- [Recorded information]
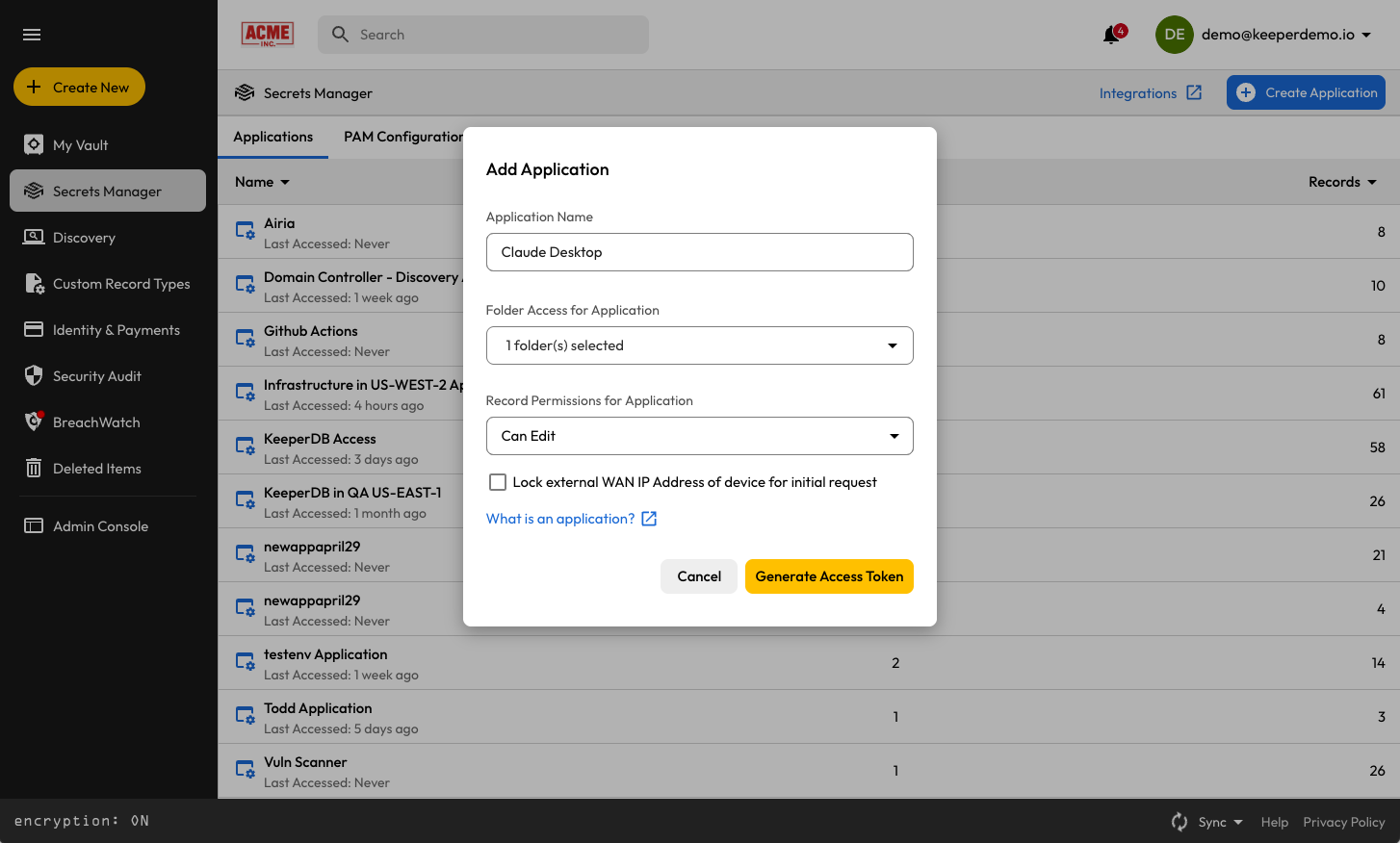 From Keeper Secrets Manager, create an Application or use an existing application.
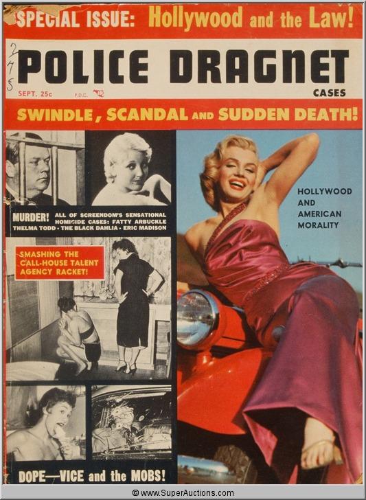 Color Transparency Slide of Marilyn Monroe who was featured as the Cover Girl on the cover of Police Dragnet Magazine. It is a transparency from a picture taken of the actual publication.
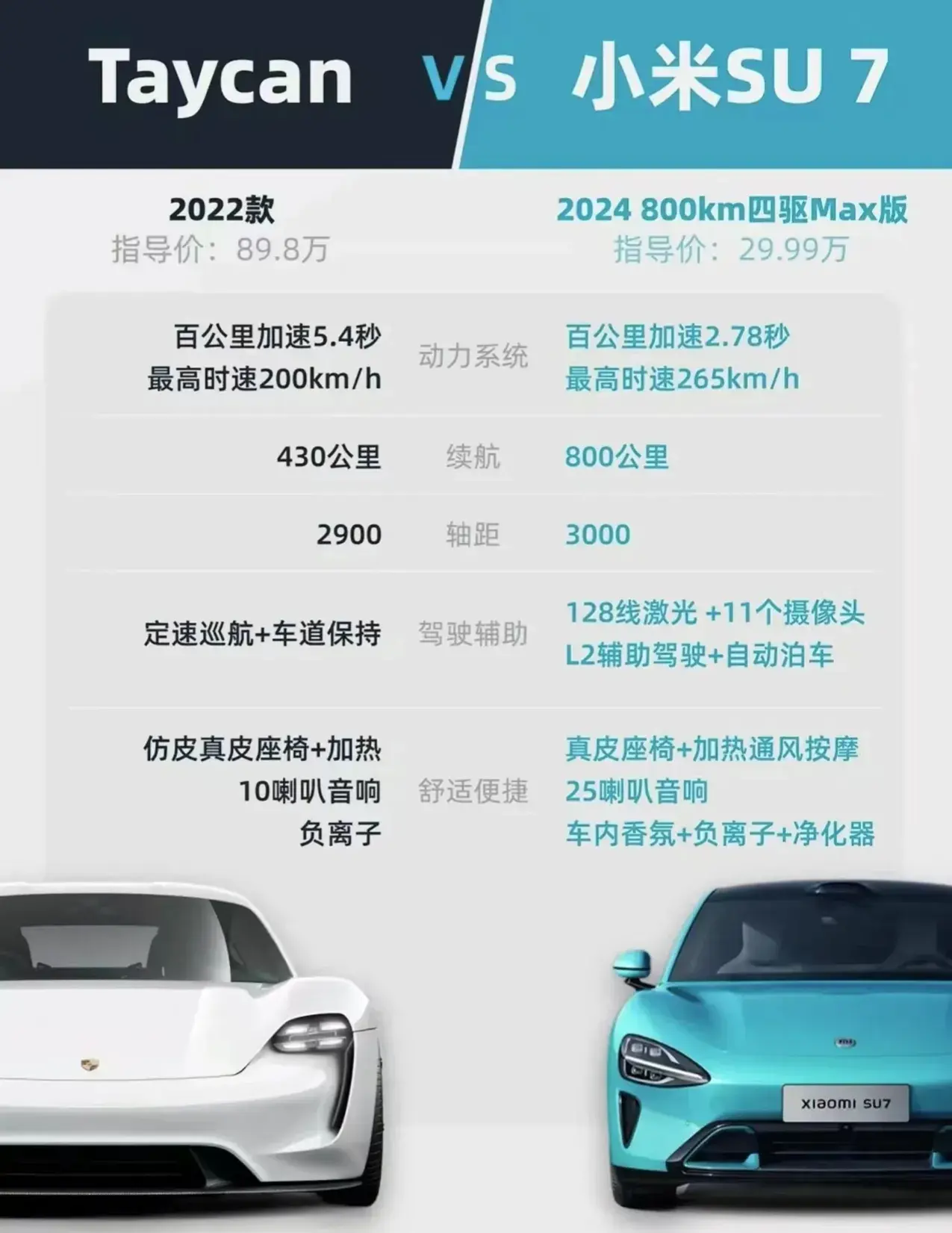 在電動汽車市場競爭日趨激烈的今天,小米SU7和保時捷Taycan作為兩款備受關注的車型,各自憑借其獨特的優勢在市場上占有一席之地。本文將從價格、性能、配置、娛樂、智駕以及性價比等多個維度對這兩款車型進行全面對比分析。
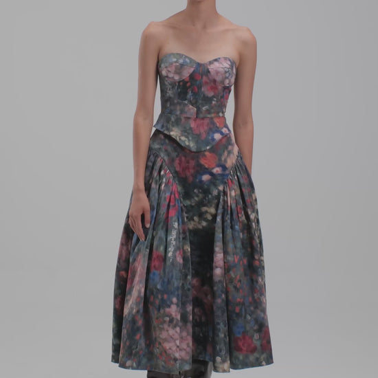 The Begonia Midi Skirt features a high waist and soft gathering that flows into a full, flared silhouette. Crafted in a vibrant floral print, it offers movement and elegance, making it a standout piece for both day and evening wear.
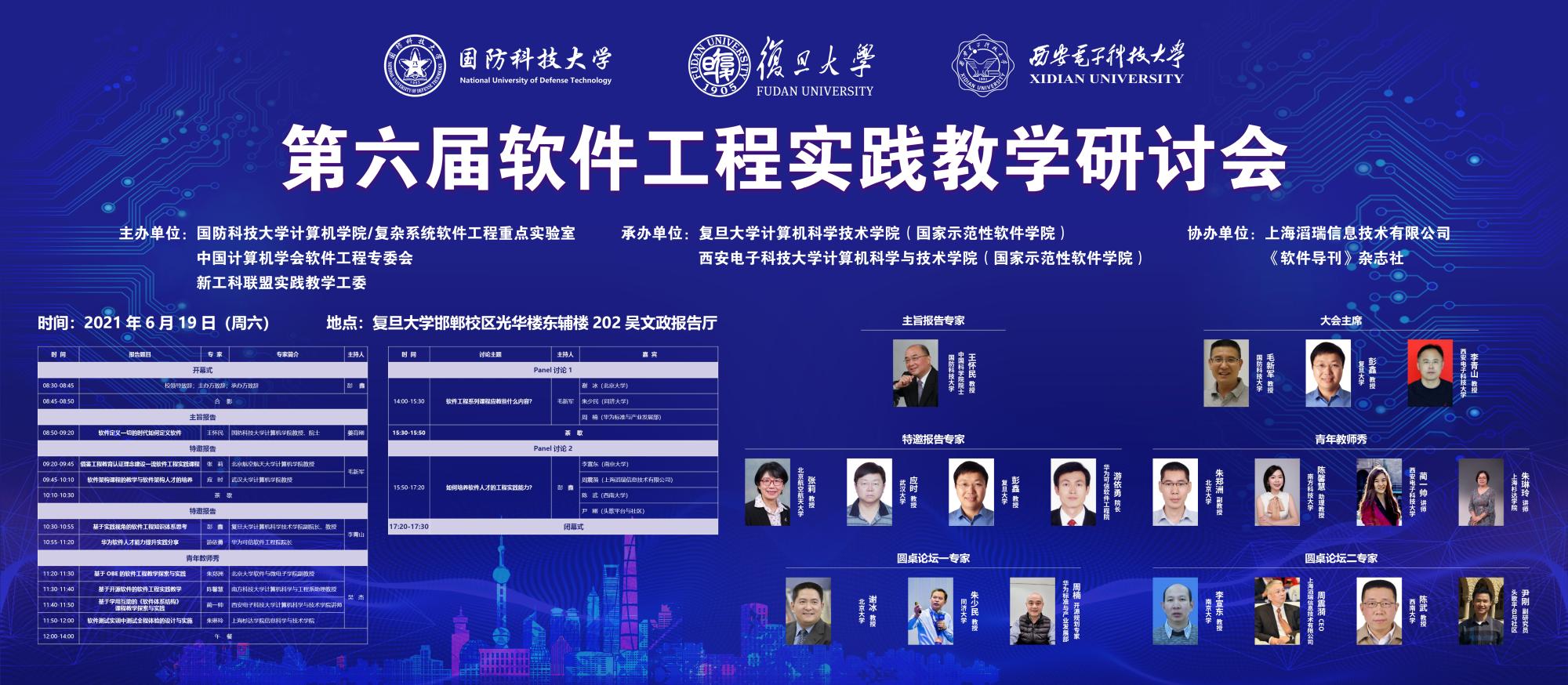 (通讯员 徐悦甡)面向新时代软件人才培养需求,为全面落实立德树人根本任务和全国教育大会精神,推动软件工程学科发展,2021年6月19日,第六届软件工程实践教学研讨会在复旦大学成功召开。本次研讨会由国防科技大学计算机学院及复杂系统软件工程重点实验室、中国计算机学会软件工程专委会、新工科联盟实践教学工委主办,复旦大学计算机科学技术学院(国家示范性软件学院)、西安电子科技大学taptap竞彩足球(国家示范性软件学院)联合承办。国防科技大学复杂系统软件工程重点实验室副主任毛新军教授,复旦大学计算机科学技术学院副院长彭鑫教授,taptap点点足彩taptap竞彩足球党委书记、软件工程学科负责人李青山教授担任会议联合主席。

- [Task brief] Only the lines from the line with "The Begonia Midi" to the end of the records should be repeated, exactly and without pictures.

- [Reply to the task]
 The Begonia Midi Skirt features a high waist and soft gathering that flows into a full, flared silhouette. Crafted in a vibrant floral print, it offers movement and elegance, making it a standout piece for both day and evening wear.
 (通讯员 徐悦甡)面向新时代软件人才培养需求,为全面落实立德树人根本任务和全国教育大会精神,推动软件工程学科发展,2021年6月19日,第六届软件工程实践教学研讨会在复旦大学成功召开。本次研讨会由国防科技大学计算机学院及复杂系统软件工程重点实验室、中国计算机学会软件工程专委会、新工科联盟实践教学工委主办,复旦大学计算机科学技术学院(国家示范性软件学院)、西安电子科技大学taptap竞彩足球(国家示范性软件学院)联合承办。国防科技大学复杂系统软件工程重点实验室副主任毛新军教授,复旦大学计算机科学技术学院副院长彭鑫教授,taptap点点足彩taptap竞彩足球党委书记、软件工程学科负责人李青山教授担任会议联合主席。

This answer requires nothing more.